Although the Nucleotide Transformer benchmark¹⁵ was very suitable for model experimentation and to debug the system, it misses many tasks of great biological relevance in genomics related to more complex biological processes as well as more recent experimental techniques and tasks that involve quantitative predictions. Therefore we curated a second genomics instructions dataset containing 27 genomics tasks framed in English derived from different studies that cover several regulatory processes (Methods and Supplementary Table 2). These include tasks related to DNA (21 tasks), RNA (3) and protein sequences (3) from multiple species framed as both binary/multilabel classification and regression tasks. The final instructions dataset contains a total of 605 million DNA tokens, that is, 3.6 billion base pairs, and 273 million English tokens (including an average of 1,000 question–answer pairs per task) (Fig. 1b).

This collection includes a non-redundant subset of tasks from the Nucleotide Transformer¹⁵ and the BEND³⁶ benchmarks, complemented with relevant tasks from the plant AgroNT benchmark³⁷ and human ChromTransfer³⁸. These benchmarks have been extensively used in the literature, come from different research groups and represent diverse DNA processes and species. These selected tasks include binary and multilabel classification tasks covering biological processes related to histone and chromatin features, promoter and enhancer regulatory elements, and splicing sites.

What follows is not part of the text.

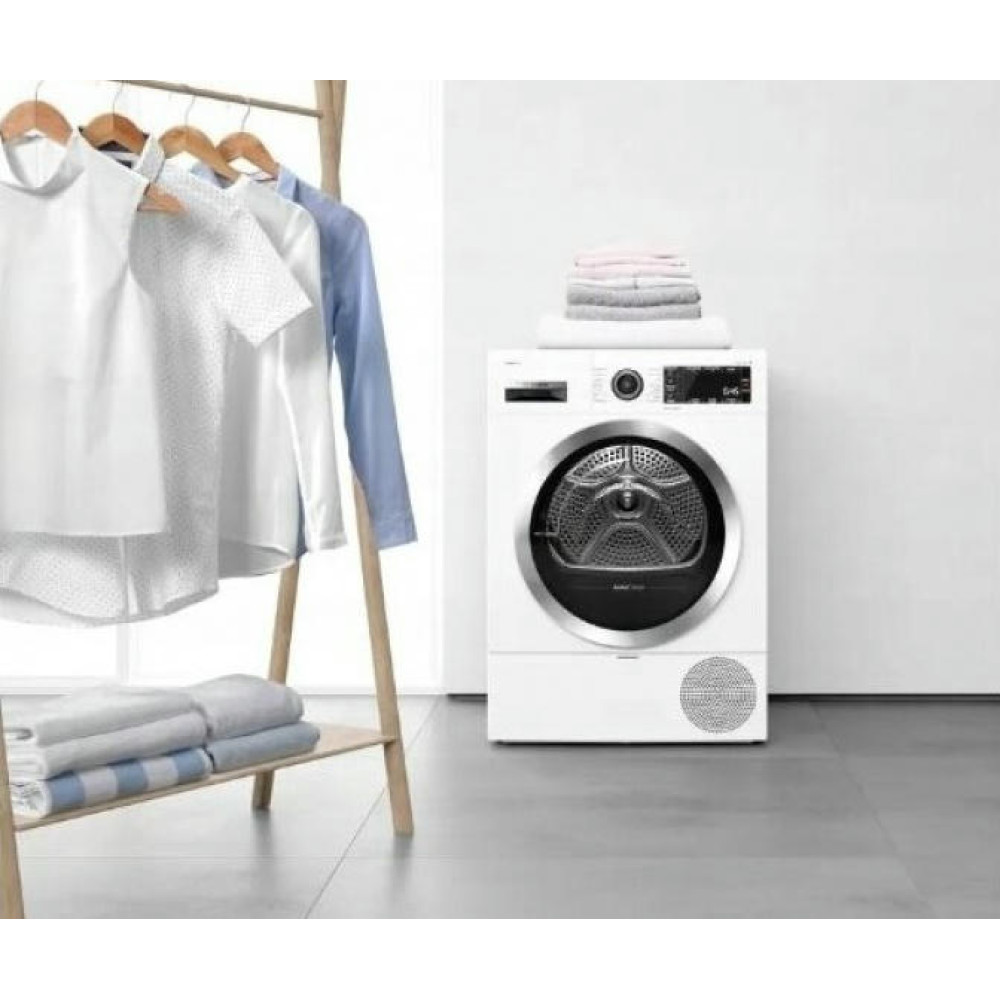 Сушильная машина Bosch WTM8528FPL поможет профессионально и качественно ухаживать за одеждой. Её наибольшая загрузка достигает 8 кг, поэтому пользователь может положить в барабан не только элементы одежды, но и одеяла, а также пуховики. Ворсовый фильтр не даст проникнуть внутрь мелким частицам, поэтому качество работы останется высоким.

We further added state-of-the-art and challenging regression tasks related to promoter activity³⁷, enhancer activity⁷, RNA polyadenylation¹¹ and degradation¹⁰, and multiple protein properties³⁹. These are reference datasets in the respective fields and are related to very complex properties of biological DNA, RNA and protein sequences. All RNA and protein tasks are predicted from the corresponding DNA and coding sequences (CDS) instead of the RNA and protein sequences, respectively. Getting the matching DNA sequence is trivial for RNA sequences but more challenging for protein sequences owing to the complexity of codon usage. Therefore, we used the CDS annotations for protein tasks curated by Boshar et al.³⁹.

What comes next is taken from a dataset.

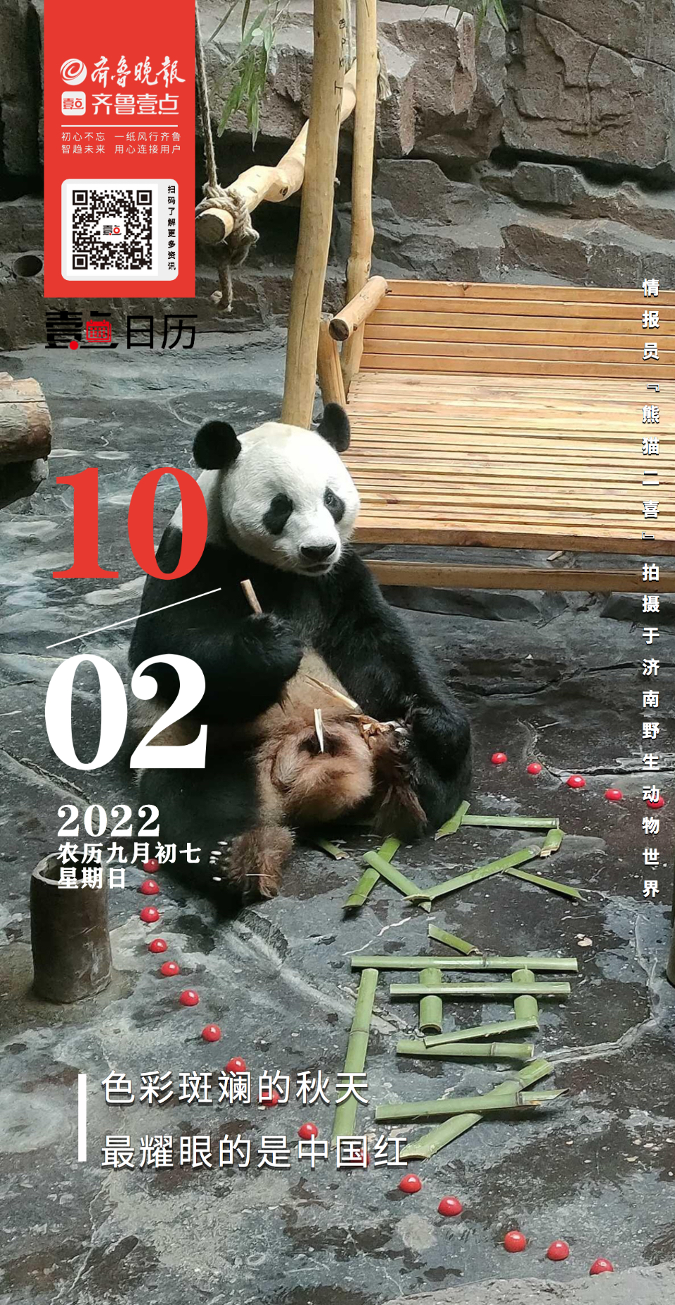 济南野生动物世界的熊猫“二喜”,作为全球首位动物情报员,国庆节也来送祝福喽,祝福祖国更加繁荣昌盛。

See Fig. 3 and Supplementary Fig. 1 for examples of questions and answers for different types of genomics tasks used in our dataset (see also Supplementary Figs. 5–7). For instance, a training example for an enhancer classification task would be ‘User: Is there an enhancer from human cells present in this sequence @myseq.fna, and can you characterize as weak or strong? ChatNT: Yes, a weak enhancer is present within the DNA sequence that you provided.’, where the projected embeddings of the candidate DNA sequence are inserted at the @myseq.fna position. Regression tasks are also framed in English, and the agent needs to write the digits corresponding to the requested quantity: for example, ‘User: Determine the degradation rate of the mouse RNA sequence @myseq.fna on a scale from −5 to 5. ChatNT: The measured degradation rate for this sequence is 2.4.’ (see Methods for details on the quantitative scale). The loss is equally computed as the cross-entropy loss between the predicted and the target answer tokens, treating scalar values as digit tokens. This approach worked well in our setting and yielded results comparable to traditional MSE loss because ChatNT is autoregressive, allowing it to capture the sequential structure of numbers. Errors in earlier digits, such as the order of magnitude, result in higher loss, prompting the model to focus on predicting the most significant digits first before refining the less significant ones, thus effectively introducing a hierarchical decomposition of numbers. For performance evaluation, we extract the digits from each answer and test their correlation with the ground-truth values.

**Fig. 3: Examples of prediction performance and conversations for a subset of genomics, transcriptomics and proteomics tasks.**

In summary, this curated set of tasks provides a general perspective of the capabilities and usefulness of our model in different biological sequence domains. We train ChatNT as a general agent to solve all 27 genomics tasks at once and in English, and compare its performance with the state-of-the-art specialized model for each task (Methods).

Evaluation on tasks from various genomics processes and species

We first evaluated the performance of ChatNT on the 21 tasks related to different DNA processes from yeast, plants, fly, mouse and human. ChatNT is competitive with the performance of the different specialized models that were fine-tuned directly on each of these individual tasks, being also robust to the variability of the language prompt (Figs. 3a,b,d,e and 4a,c). In particular, we obtained an improved performance on the detection of human enhancer types. Still, we observed significantly reduced performance for enhancers from plant species when compared with the state-of-the-art AgroNT model fine-tuned specifically on this task³⁷. As AgroNT was pretrained on genomes from 48 diverse plant species, improving the encoder used in ChatNT might lead to improved performance on this type of task.

**Fig. 4: Comparison of ChatNT versus domain-specific baselines over genomics, transcriptomics and proteomics tasks.**

As ChatNT solves the tasks in English, it can seamlessly handle binary and multilabel classification tasks. By extracting the term predicted by ChatNT in the answer, we can quantify its predictive performance. As we show for some examples in Fig. 3, ChatNT accurately identifies input sequences with human or mouse promoters (Fig. 3a), with CpG sites methylated in human embryonic stem cells (HUES64 cell line; Fig. 3d) and with splice acceptor and donor sites (Fig. 3e).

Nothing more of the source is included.